In isolated cases of small Omphalocele, there is no evidence that vaginal delivery is safer than caesarean section. However, Lurie et al. suggested that fetuses with giant Omphalocele >5 cm should be delivered by caesarean section [1,15]. Our case had emergency caesarean section because of the diagnosis of antenatal foetal distress following a Doppler ultrasound scan and the fact that the Omphalocele size on ultrasound scan was 10.2 cm, making it a large Omphalocele. Vaginal delivery at term should be offered to cases of Omphalocele with life threatening fetal anomalies [15]. Until there is a randomized trial of vaginal and caesarean delivery for cases of fetal Omphalocele, it would seem as if the preferred mode of delivery is the vaginal route which is safer for the mother and caesarean section reserved for obstetric indications and cases of large Omphalocele as it was in the index case.
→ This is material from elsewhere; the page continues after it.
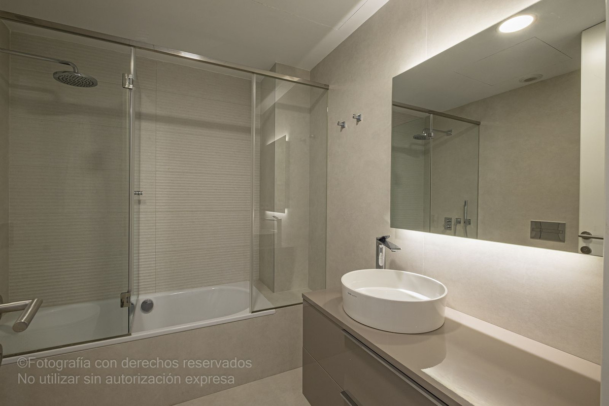 This sophisticated 3 bedroom apartment has a main terrace facing south. It has 2 bathrooms, one with shower and one with bathtub, plus a guest toilet. The apartment includes underfloor heating, air conditioning hot/cold, a domotic control system and is connected to a central alarm system.

Following delivery, the baby was handed over to the paediatric surgical team in our hospital for further management of the Omphalocele.
Fetal Omphalocele is the commonest fetal anterior abdominal wall defect. With the wide spread use of ultrasound in the antenatal period, it is possible to diagnose this condition now. Follow up of this condition during the prenatal period is necessary. Appropriate decision as to the mode of delivery, should be at term, taken in the absence of any emergency.